Si è consumato oggi il primo atto della “guerra” tra il direttore generale dell’Asl di Foggia, Attilio Manfrini, e gli imprenditori della sanità privata. Da Piazza della Libertà è partita infatti la comunicazione alla Regione Puglia con la quale l’azienda prende atto della “volontà delle case di cura Villa Igea, San Michele e Case di Cura Riunite Villa Serena e Nuova San Francesco a non voler sottoscrivere gli accordi contrattuali relativi all’anno 2014”.
Un modo per dire a Bari: fate le verifiche necessarie sulle cliniche e decidete se sia il caso o meno di revocare l’accreditamento. Un fendente mortale, diretto a Paolo Telesforo e Potito Salatto, per la prima volta insieme per uno scontro complesso, che potrebbe tirarsi dentro il futuro di un ente che apparentemente non sembrerebbe centrar nulla: la sede foggiana del Don Uva. Nella partita di fuochi incrociati, però, a rischiare sono solo migliaia di lavoratori del settore. Il motivo è presto detto.

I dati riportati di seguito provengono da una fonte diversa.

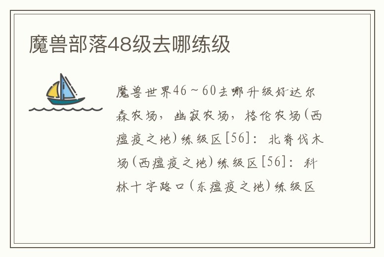 2、魔獸世界部落獵人48級了,能去哪里練級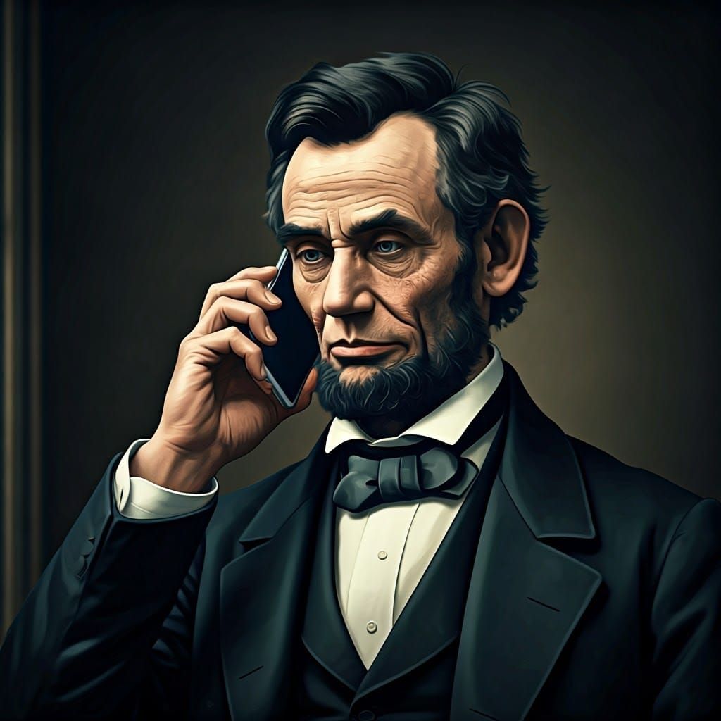 This image shows Abraham Lincoln holding and talking on an iPhone. The cinematic rendering features film grain, vignette, and dramatic, atmospheric lighting.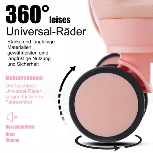 Тихі колеса, які обертаються на 360 градусів: ця валіза працює тихо. Колеса на 360 градусів, тож ви може легко маневрувати в переповнених аеропортах або на вокзалах. Вони тихі при їзді та поворотах. Обидва колеса мають гальма.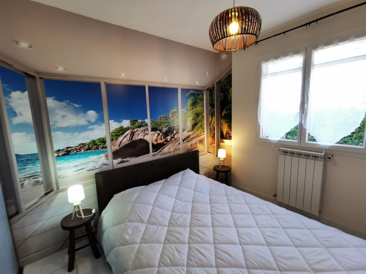 Vous retrouverez également deux chambres composées chacune d’un lit en 140X190cm, et une troisième chambre avec 2 lits 90X190cm, 1 salle d’eau avec lave-linge et des toilettes indépendantes.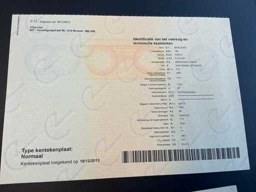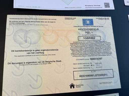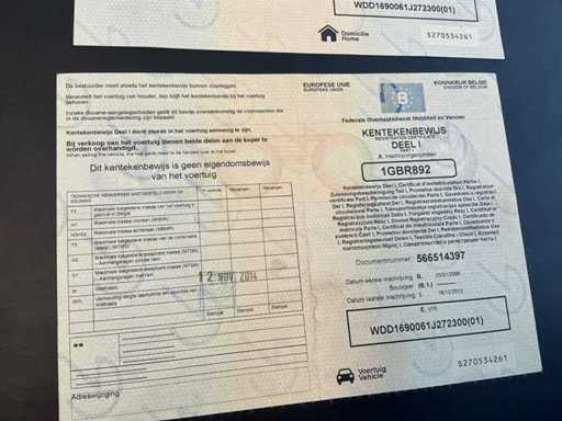Het VIN-nummer van het voertuig is WDD1690061J272300. De Belgische voertuigdocumenten zijn aanwezig, inclusief kentekenbewijs deel I en deel II.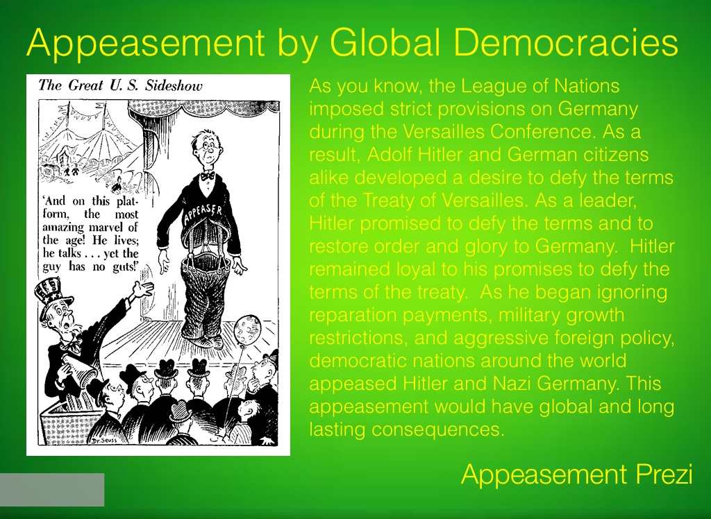 As you know, the League of Nations imposed strict provisions on Germany during the Versailles Conference. As a result, Adolf Hitler and German citizens alike developed a desire to defy the terms of the Treaty of Versailles. As a leader, Hitler promised to defy the terms and to restore order and glory to Germany. Hitler remained loyal to his promises to defy the terms of the treaty. As he began ignoring reparation payments, military growth restrictions, and aggressive foreign policy, democratic nations around the world appeased Hitler and Nazi Germany. This appeasement would have global and long lasting consequences. Â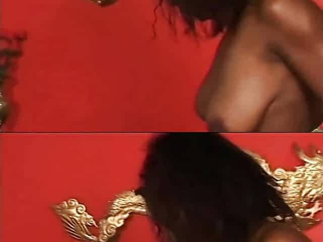 "Hot black whore deep throats a hard long cock then gets fucked"

Questa fetta della sanità “privata accreditata” lavora con l’Asl (e dunque con la Regione Puglia) che, attraverso i contratti, rimborsa le prestazioni rese ai pazienti. Dunque, rientra in quell’importante capitolo di spesa (circa 7,5 miliardi di euro dei pugliesi) che ogni anno viene destinato ai bisogni di salute. Solo che, mentre le prestazioni vengono rese quotidianamente, gli accordi arrivano con ritardi clamorosi, spesso superiori ad un anno.

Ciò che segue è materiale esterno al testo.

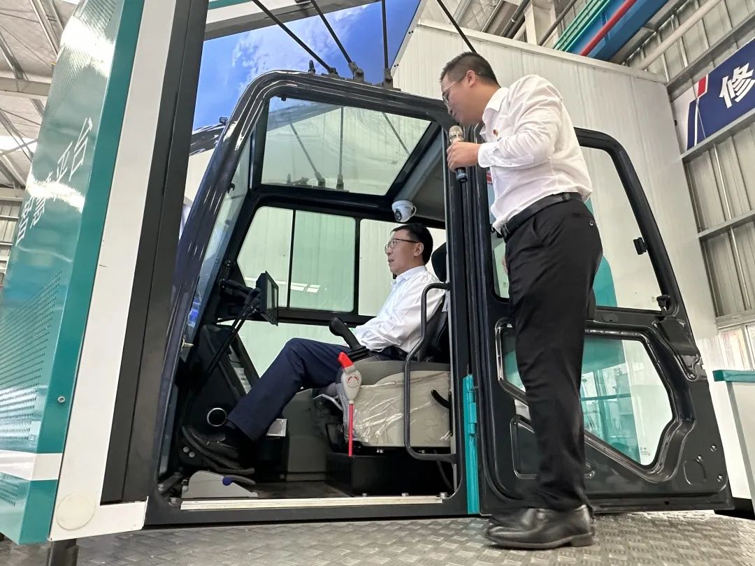 沿着习近平总书记考察山河智能的路线,梁宝俊一行首先来到挖掘机装配车间,重温了总书记的重要讲话精神。在这里,何清华向梁宝俊一行介绍了山河智能先进制造、高端产品、智能仓储等方面的情况,随后,大家一起观看了中国联通与山河智能的合作纪录视频,进一步了解了双方在5G工业互联网应用场景落地、工程化应用等方面的合作成果。梁宝俊对山河智能的高端产品以及双方在5G工业互联网应用方面取得的成绩赞叹不已。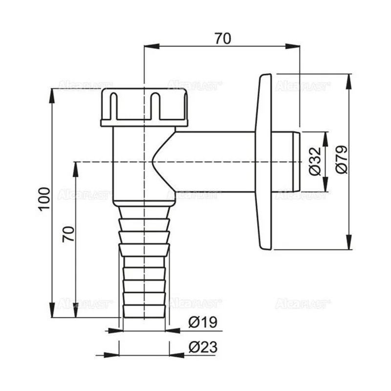 Штуцер для шланга Ø19 и Ø23 мм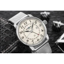 Stříbrný plášť, lesklý a pevný, je základem celého designu, který upoutá pozornost svou jednoduchostí a nadčasovou formou. Ušlechtilá béžová barva číselníku, teplá a tlumená, připomíná interiéry historických vzducholodí a zachycuje atmosféru doby velkých cest. Výrazné černé číslice a indexy dokonale kontrastují s pozadím číselníku, poskytují vynikající čitelnost a zároveň vnášejí nádech klasické elegance. Ručičky v odstínech stříbrné a černé dodávají hodinkám výraz, zatímco přesná vteřinovka s jemným červeným akcentem přitahuje pozornost a zdůrazňuje funkčnost hodinek. Vzhled doplňuje síťovaný náramek z odolné nerezové oceli, který nabízí lehkost, pohodlí a letecký styl, jenž podtrhuje jedinečnost tohoto modelu.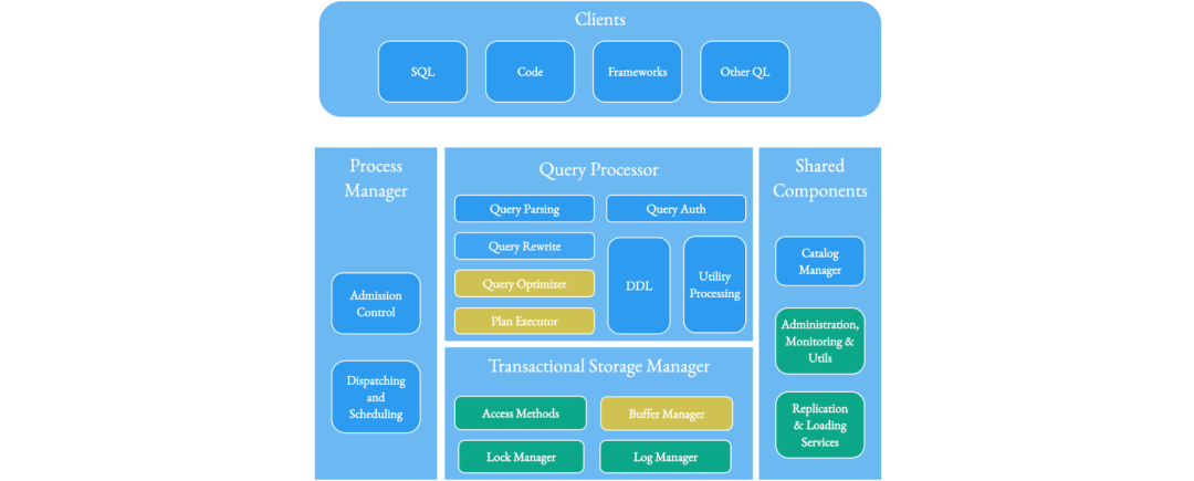 OLAP 数据库擅长管理结构化数据,对于进行复杂的查询和分析至关重要,这是商业智能 (BI) 工作负载的基础。与 OLTP 类似,基于 OLAP 的系统将 6 个技术组件捆绑到一个单元中;请注意文件格式现在是面向列的,而不是面向行的,并且计算引擎针对不同的目的进行了优化。
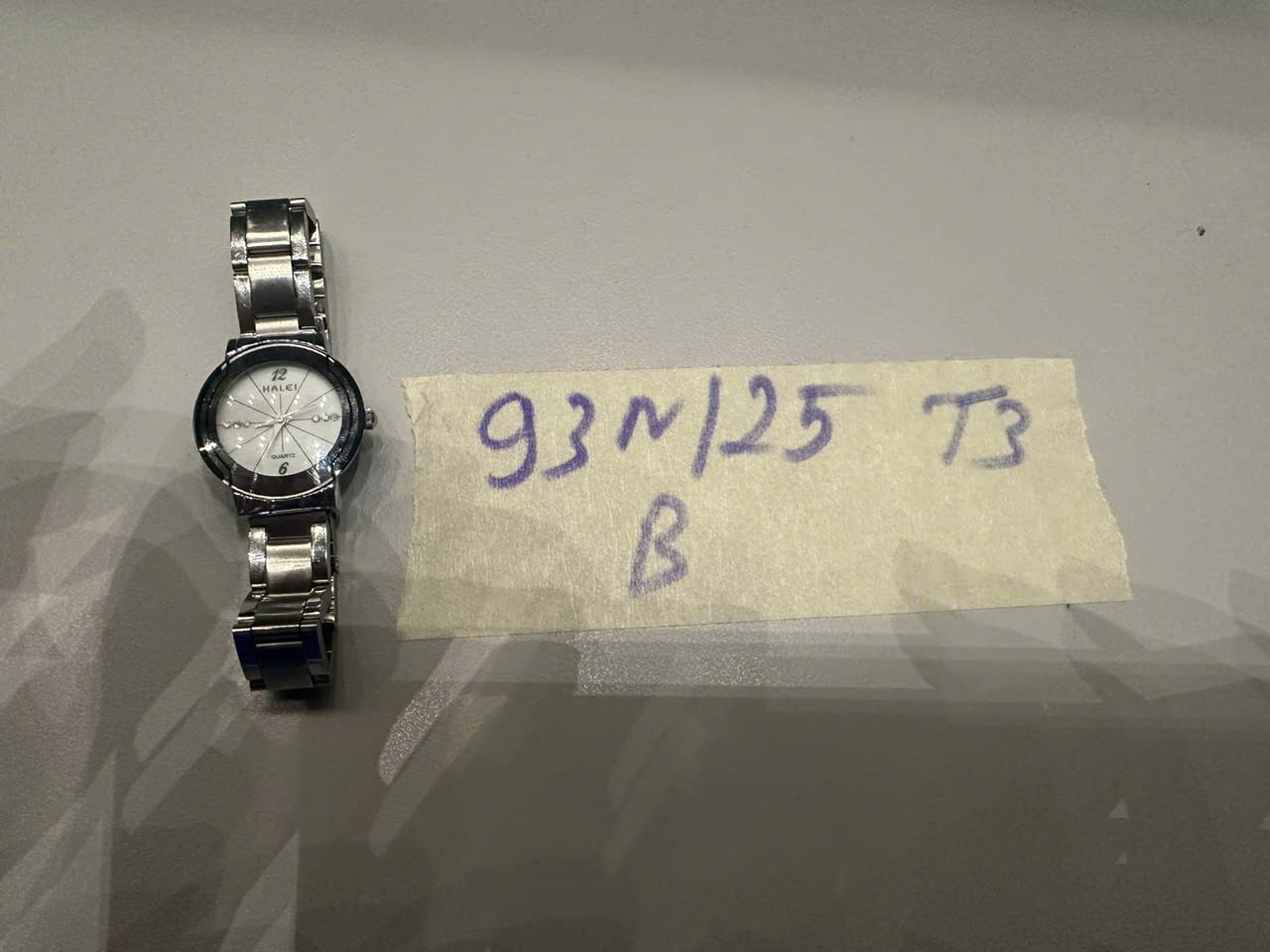 Ngày tiếp nhận: 16/11/2025 Mã hồ sơ: 93N2025B Mô tả: 01 đồng hồ màu trắng có ghi chữ HALEI, dây trắng, mặt kim loại, đã sử dụng. |

Di conseguenza, le imprese non sanno fino a dove spingersi con l’erogazione di servizi per non rimetterci di tasca propria. “Sicuramente ci troviamo in una situazione senza precedenti – spiega Telesforo -, è un vero e proprio atto di ritorsione che mette a repentaglio il futuro di 600 lavoratori. Non è certo un dispetto a noi imprenditori, perché in ogni caso possiamo ricollocarci, ma alle centinaia di famiglie che rischiano il posto di lavoro. Queste sono le conseguenze di chi sottopone un contratto a gennaio 2015, mentre doveva essere sottoscritto a gennaio, massimo febbraio del 2014. Lo stesso è stato fatto nel 2013, con il contratto firmato solo ad ottobre 2014″. Poi attacca direttamente Manfrini, sostenendo che avrebbe violato la legge anticorruzione: “Sono state affidate diverse consulenze ad un parente stretto, nonostante sia espressamente vietato dalla normativa”.

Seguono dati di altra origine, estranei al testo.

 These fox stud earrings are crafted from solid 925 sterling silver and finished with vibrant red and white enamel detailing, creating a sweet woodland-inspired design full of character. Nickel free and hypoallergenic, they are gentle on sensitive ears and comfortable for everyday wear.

Ironico invece Potito Salatto: “È il primo atto doveroso e legittimo del direttore generale: ci hanno sottoposto un contratto ex post, dopo averci fatto lavorare con cifre completamente diverse basate sugli acconti – afferma a l’Immediato -. Poi è evidente che mi trovo costretto a fare 3 anni di cassa integrazione alla clinica San Michele di Manfredonia. A Bari – conclude – hanno chiarito quali sono le possibilità del management, sostenendo che le risorse economica per le case di cura ci sono. All’Asl di Foggia pensano invece di muoversi diversamente e noi ne prendiamo atto. Così si mandano a casa centinaia di lavoratori per le decisioni autonome di alcune persone…”.